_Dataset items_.
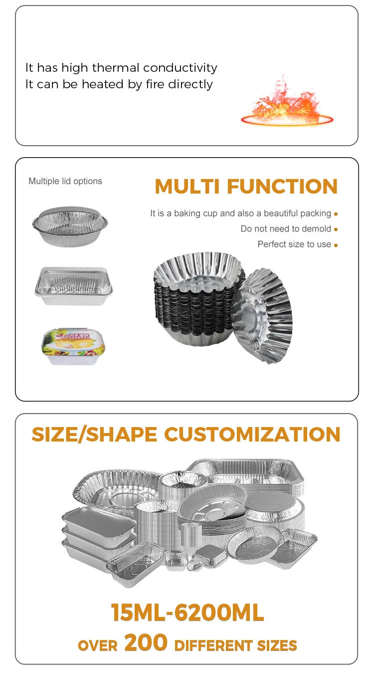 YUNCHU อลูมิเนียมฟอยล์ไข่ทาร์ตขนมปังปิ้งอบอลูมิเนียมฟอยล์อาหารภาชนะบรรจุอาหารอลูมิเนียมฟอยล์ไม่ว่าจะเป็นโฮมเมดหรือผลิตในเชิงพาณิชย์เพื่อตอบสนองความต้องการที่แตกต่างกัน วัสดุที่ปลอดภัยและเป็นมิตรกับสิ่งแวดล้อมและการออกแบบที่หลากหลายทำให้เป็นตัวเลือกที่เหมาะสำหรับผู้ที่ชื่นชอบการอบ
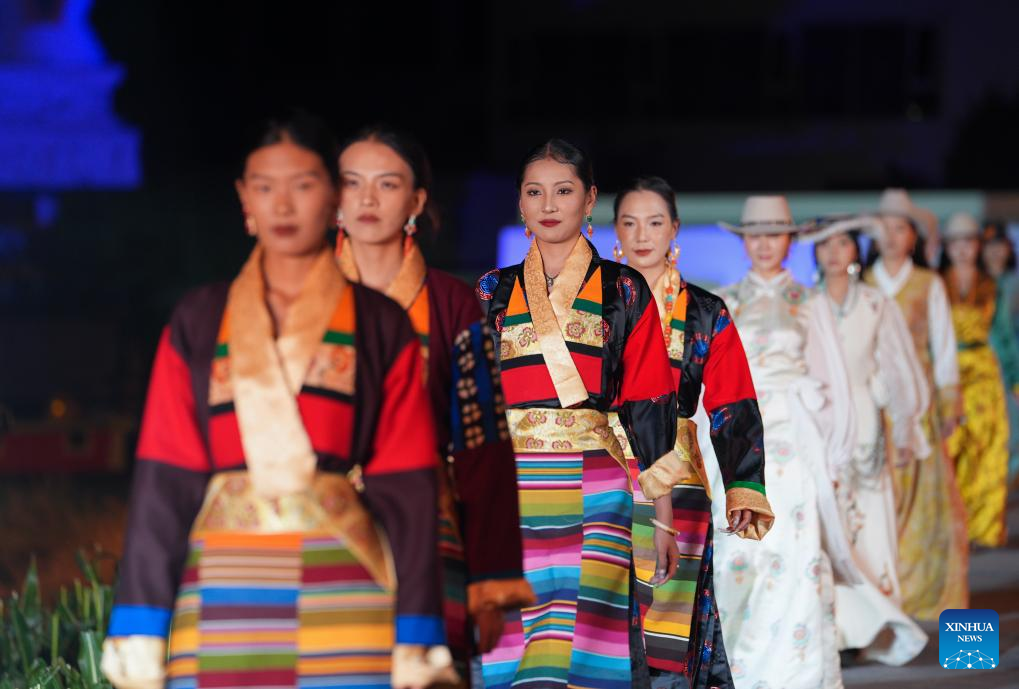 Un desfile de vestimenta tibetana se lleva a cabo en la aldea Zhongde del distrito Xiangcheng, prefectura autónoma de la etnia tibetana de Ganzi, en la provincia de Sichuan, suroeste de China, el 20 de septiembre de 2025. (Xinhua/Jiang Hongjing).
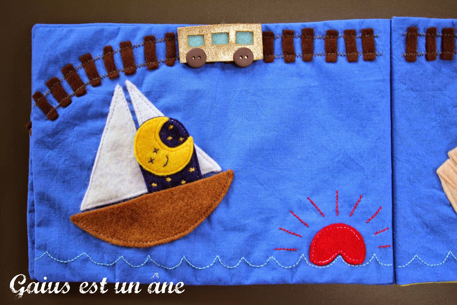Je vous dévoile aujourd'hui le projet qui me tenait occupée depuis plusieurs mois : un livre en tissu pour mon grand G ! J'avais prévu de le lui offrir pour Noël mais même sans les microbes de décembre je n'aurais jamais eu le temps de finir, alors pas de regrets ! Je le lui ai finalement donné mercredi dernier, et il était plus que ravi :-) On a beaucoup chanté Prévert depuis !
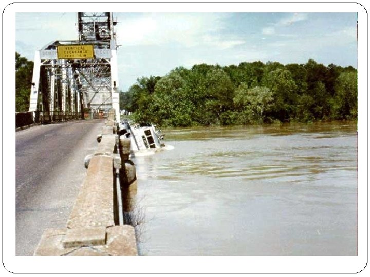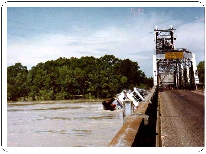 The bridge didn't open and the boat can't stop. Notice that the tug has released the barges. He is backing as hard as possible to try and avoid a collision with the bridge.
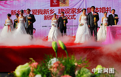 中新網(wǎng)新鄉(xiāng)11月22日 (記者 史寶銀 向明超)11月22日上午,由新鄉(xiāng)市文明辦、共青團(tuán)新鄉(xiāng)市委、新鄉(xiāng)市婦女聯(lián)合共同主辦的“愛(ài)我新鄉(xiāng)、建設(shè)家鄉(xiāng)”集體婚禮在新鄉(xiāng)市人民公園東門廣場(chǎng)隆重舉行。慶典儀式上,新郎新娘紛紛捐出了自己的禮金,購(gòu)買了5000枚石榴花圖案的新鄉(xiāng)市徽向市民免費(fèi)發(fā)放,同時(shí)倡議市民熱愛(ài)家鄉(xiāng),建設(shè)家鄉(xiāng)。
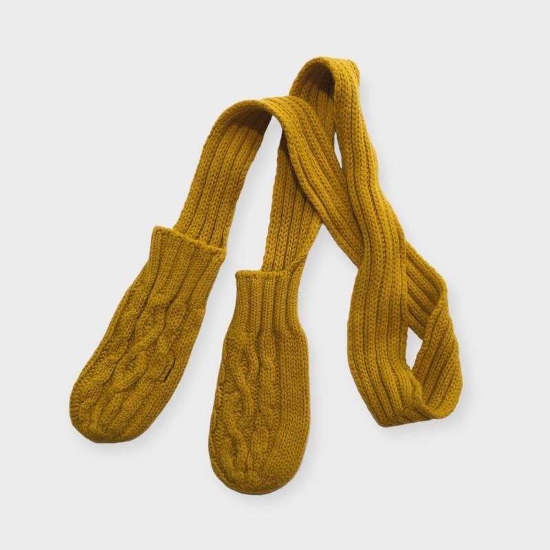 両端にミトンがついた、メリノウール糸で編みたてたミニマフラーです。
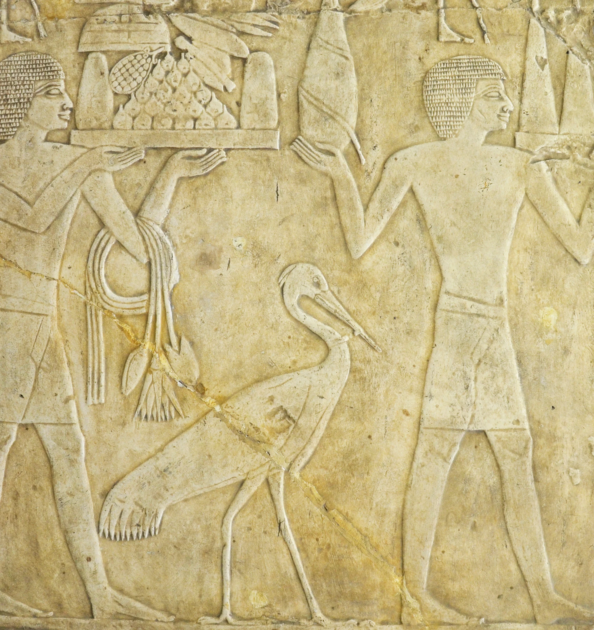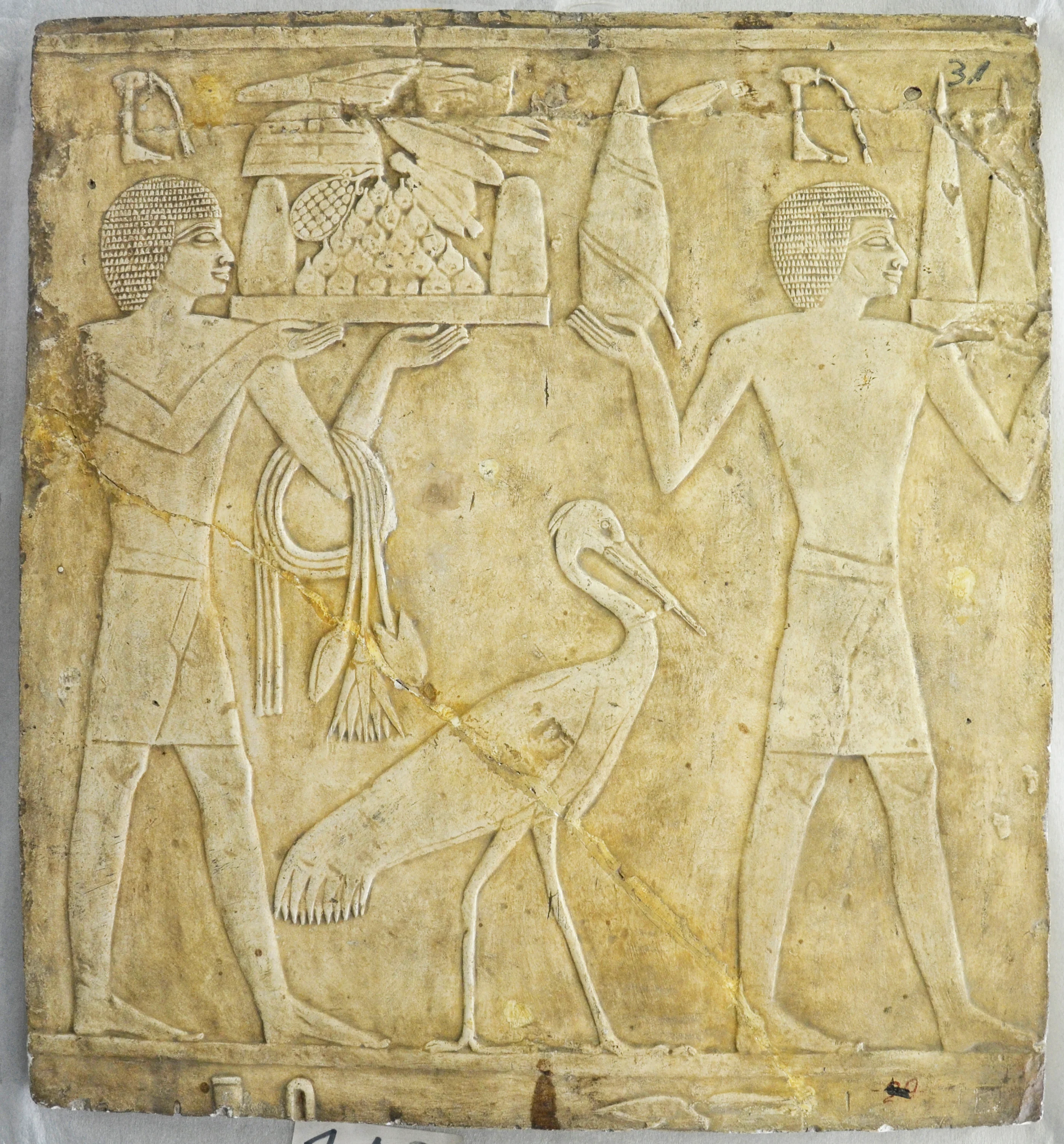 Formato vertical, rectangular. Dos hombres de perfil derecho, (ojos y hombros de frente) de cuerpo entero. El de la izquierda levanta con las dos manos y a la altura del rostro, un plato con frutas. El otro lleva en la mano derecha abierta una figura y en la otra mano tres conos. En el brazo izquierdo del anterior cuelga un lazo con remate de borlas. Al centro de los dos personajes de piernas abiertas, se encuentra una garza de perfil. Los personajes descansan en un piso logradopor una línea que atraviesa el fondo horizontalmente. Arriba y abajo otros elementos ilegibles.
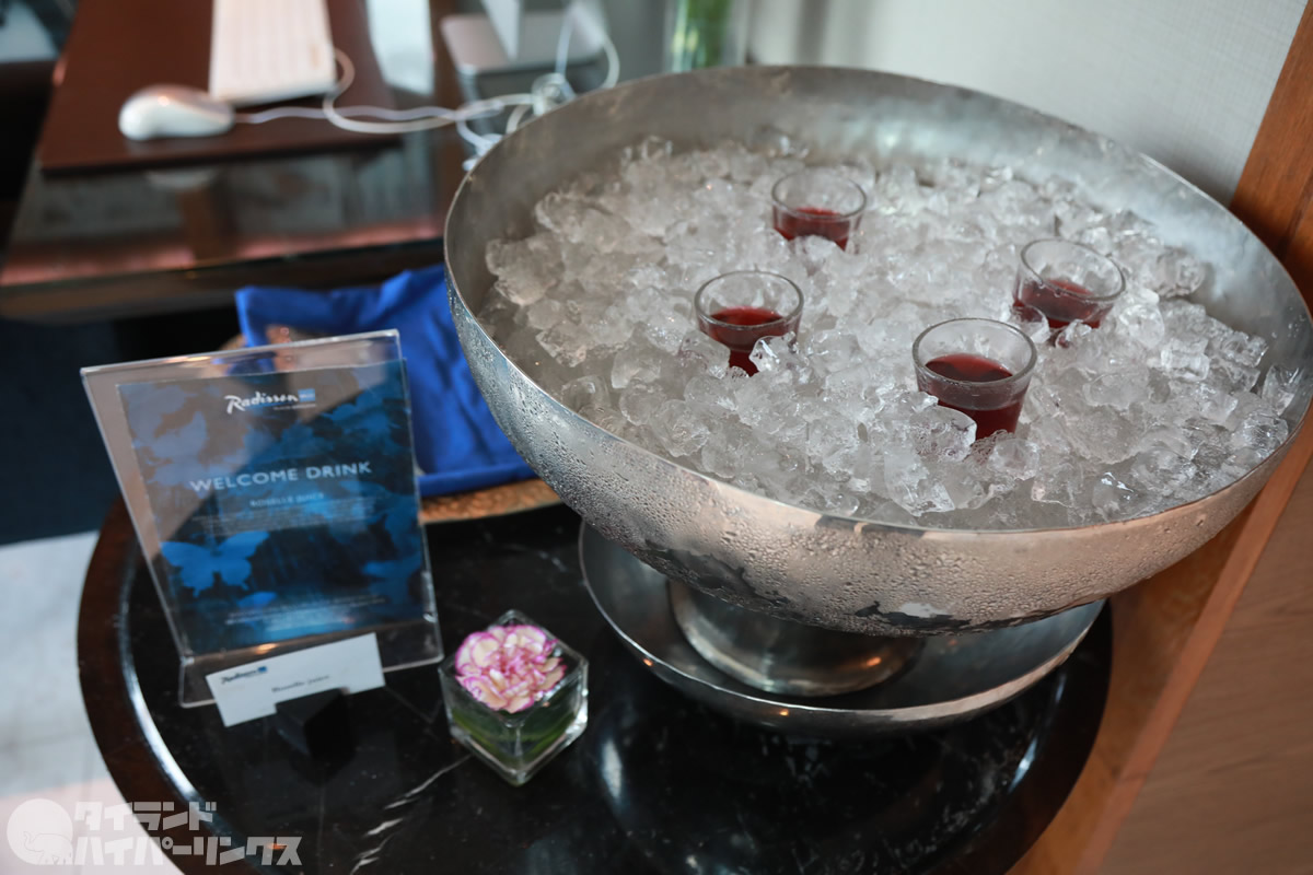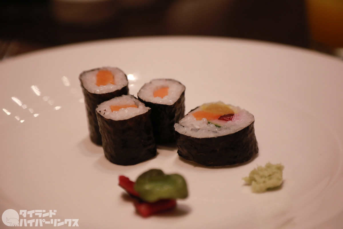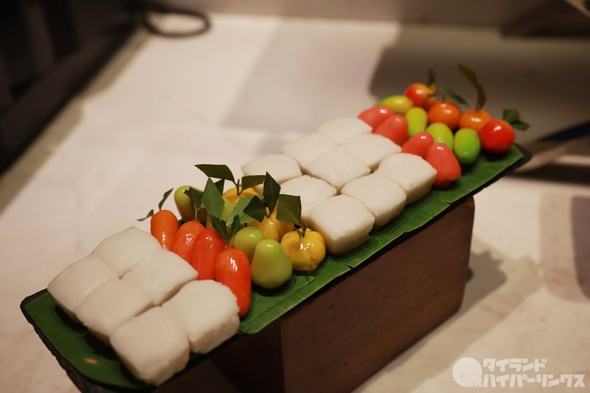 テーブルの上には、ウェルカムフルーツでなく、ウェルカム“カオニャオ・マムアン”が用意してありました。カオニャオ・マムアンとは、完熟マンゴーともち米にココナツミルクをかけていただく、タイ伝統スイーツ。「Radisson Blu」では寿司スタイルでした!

_Exercise prompt_.
What is needed is an exact retyping of the lines from the start of the data through the line with "Je vous dévoile", with both end lines kept and every picture left out.

_Task result_.
 YUNCHU อลูมิเนียมฟอยล์ไข่ทาร์ตขนมปังปิ้งอบอลูมิเนียมฟอยล์อาหารภาชนะบรรจุอาหารอลูมิเนียมฟอยล์ไม่ว่าจะเป็นโฮมเมดหรือผลิตในเชิงพาณิชย์เพื่อตอบสนองความต้องการที่แตกต่างกัน วัสดุที่ปลอดภัยและเป็นมิตรกับสิ่งแวดล้อมและการออกแบบที่หลากหลายทำให้เป็นตัวเลือกที่เหมาะสำหรับผู้ที่ชื่นชอบการอบ
 Un desfile de vestimenta tibetana se lleva a cabo en la aldea Zhongde del distrito Xiangcheng, prefectura autónoma de la etnia tibetana de Ganzi, en la provincia de Sichuan, suroeste de China, el 20 de septiembre de 2025. (Xinhua/Jiang Hongjing).
Je vous dévoile aujourd'hui le projet qui me tenait occupée depuis plusieurs mois : un livre en tissu pour mon grand G ! J'avais prévu de le lui offrir pour Noël mais même sans les microbes de décembre je n'aurais jamais eu le temps de finir, alors pas de regrets ! Je le lui ai finalement donné mercredi dernier, et il était plus que ravi :-) On a beaucoup chanté Prévert depuis !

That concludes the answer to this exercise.